Sunday, October 19, 2008

Jesus Wept

After a sleepless night in a wonderful hotel with rather firm beds, we set-off for Jerusalem, a surprisingly short distance away (geography was never my strong point). Of course these days, geography can be deceptive and discriminatory; not for everyone the quality highways and easy passage through checkpoints.



For those able to get permits to allow them to leave Bethlehem and reach their places of employment life is not so simple. They can't take their white number-plate cars out the area, so progress through the checkpoint is on foot. It can also regularly take several hours just to make their way through the checking procedures.

Hundreds of men and a lesser number of women start queuing from midnight to ensure that at the point the guards open the 'terminal' for processing around 5am, they stand a chance of getting through for when the border opens at 8am and they can make their way (often a long walk) to their places of employment. Herded like cattle through metal walkways and units, no one should have to go through this ritual humiliation on a daily basis just to get to work.

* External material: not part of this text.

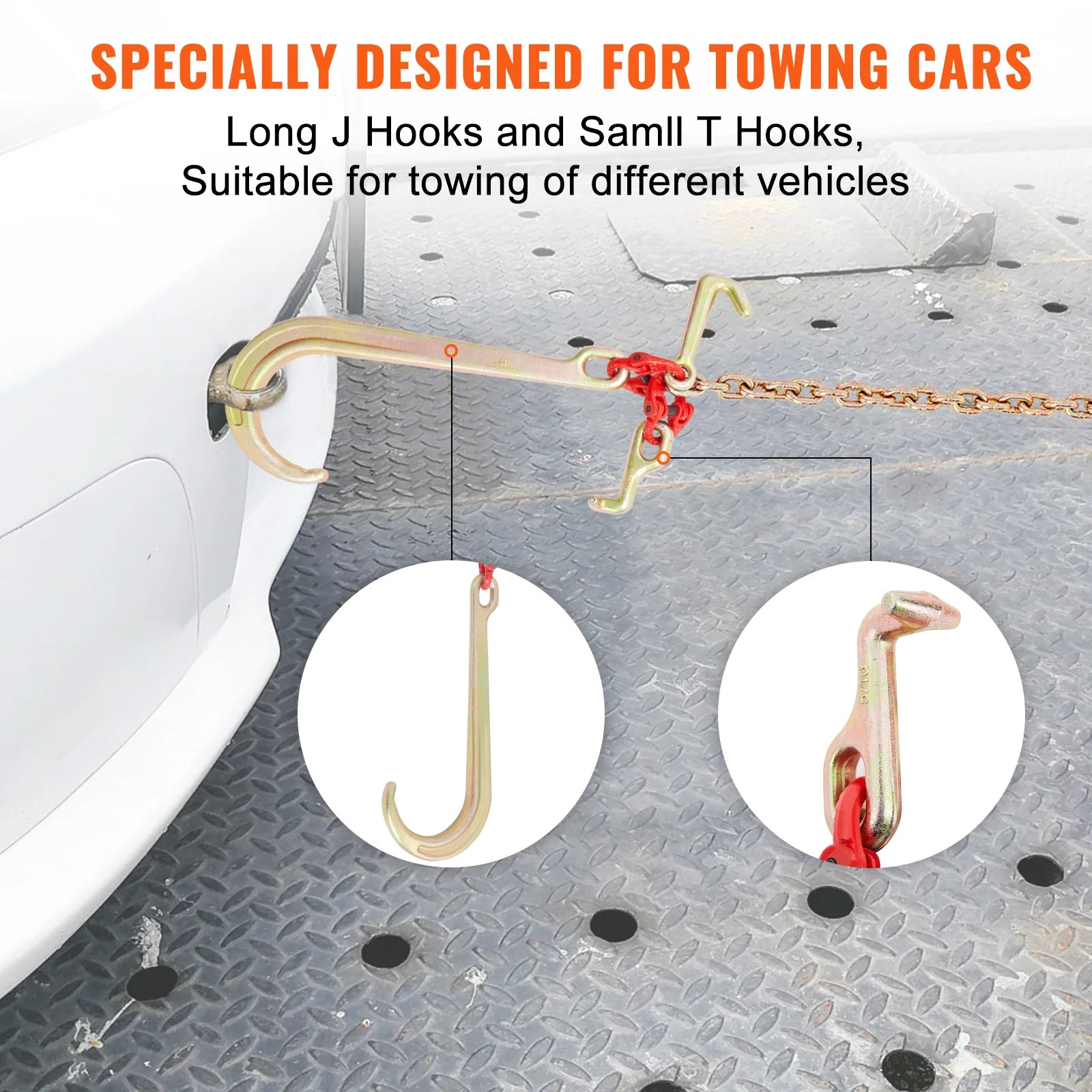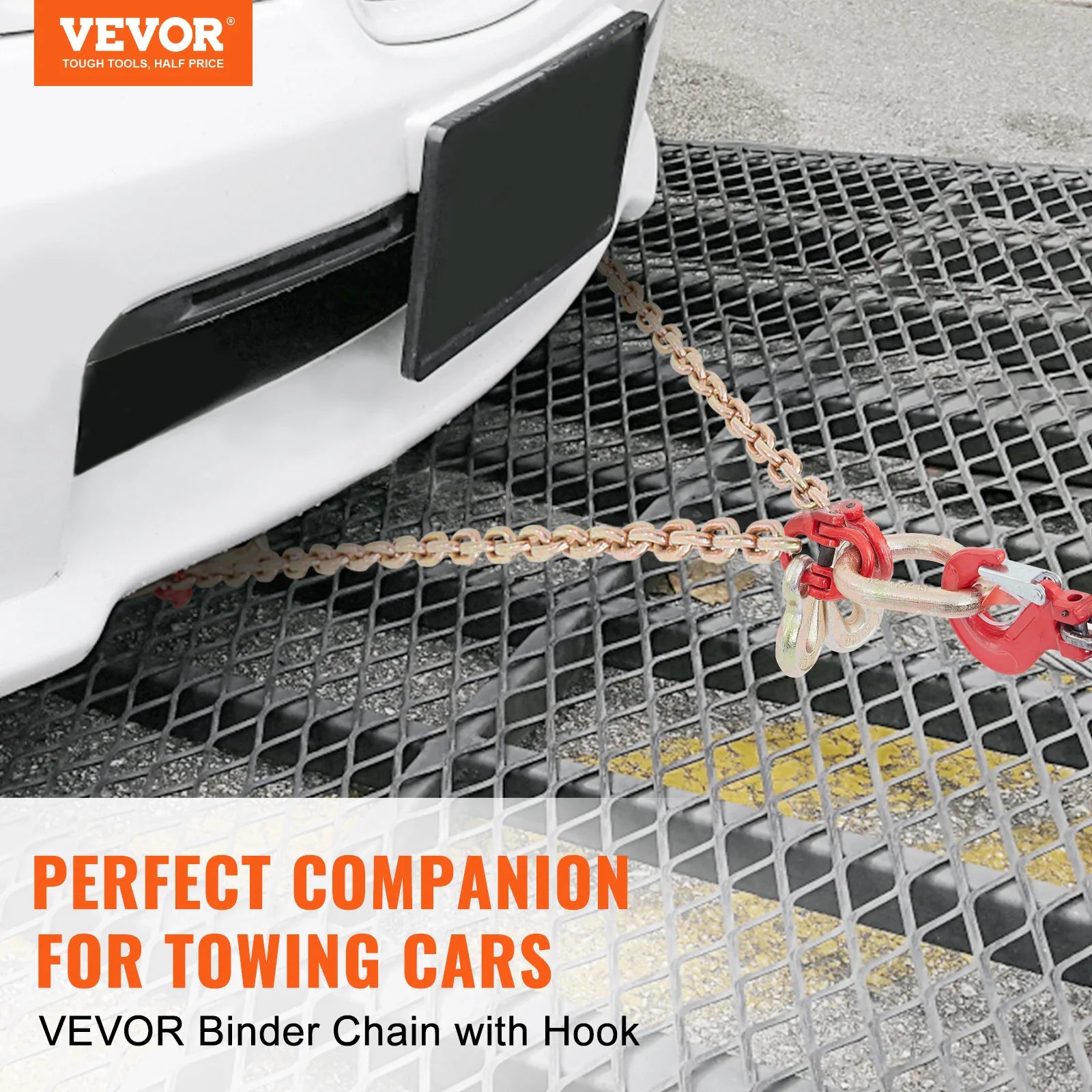 VEVOR, your exclusive tool expert. This binder chain is made of high-quality steel and has passed Grade 80 DOT certification. It is also equipped with adjustable hooks to fit various types of vehicles.

The counter-argument is of course about security, but one can't help observing that the methods go beyond, into seemingly random, but systematic humiliation and disruption. It’s also noteable, that for a power hardly lacking in security resources the decision about how little resource to employ in this facility and hence the processing times incurred, is hard to justify or explain away as unavoidable or accidental.

Experiencing just a little of this current occupation, a new resonance occurs as we walk down the Mount of Olives (now with surprisingly few eponymous fruit trees) and visit Dominus Flevit - the place where Jesus looked out over Jerusalem and wept.



Looking out over Jerusalem today, the sun gleams off the glorious gold of the Dome of the Rock mosque, built upon the remains of the Temple Mount, it forms a particularly visible example of the repetitive local pattern, of layer of architecture overlying layer, with each religion, empire, occupying power, imposing its own edifices. Adjacent to the mount, nestled amongst the wider vista of new-build and high-rise, you can pick out the old-city, a large part of which has similarly been razed and rebuilt by the latest incoming power.

Here, the landscape, like the history is written and rewritten by successive victors.

But, there on the mount, less ostentatious than the larger building, is a second dome, the leaded grey of the Al-Aqsa mosque, which shares its name with the Arabic term for the temple mount space.

My particular interest in Al-Aqsa dates back to the birth of one of my neighbour's children some 13 or so years ago (can it really be that long? I remember when you were a tiny wee babe...). Born into a multi-cultural community, Aqsa is the fifth child of six, the fourth of five girls and is named after the mosque. A name deliberately chosen to reflect that Al-Aqsa is a place of potential coming together, a place of worlds meeting, a place holy in all three Abrahamic religions (I guess the kid could have been called "Mount", but thankfully her Islamic parentage bestowed a more kindly title).

There's hope in young Aqsa's name; a hope that a place that brings us together can be about what we have in common, not what pulls us apart.

One day perhaps it will be possible to look out over Jerusalem and see that as a reality, but until then I guess I'll weep where Christ wept and roll the name Aqsa around my mouth in hope.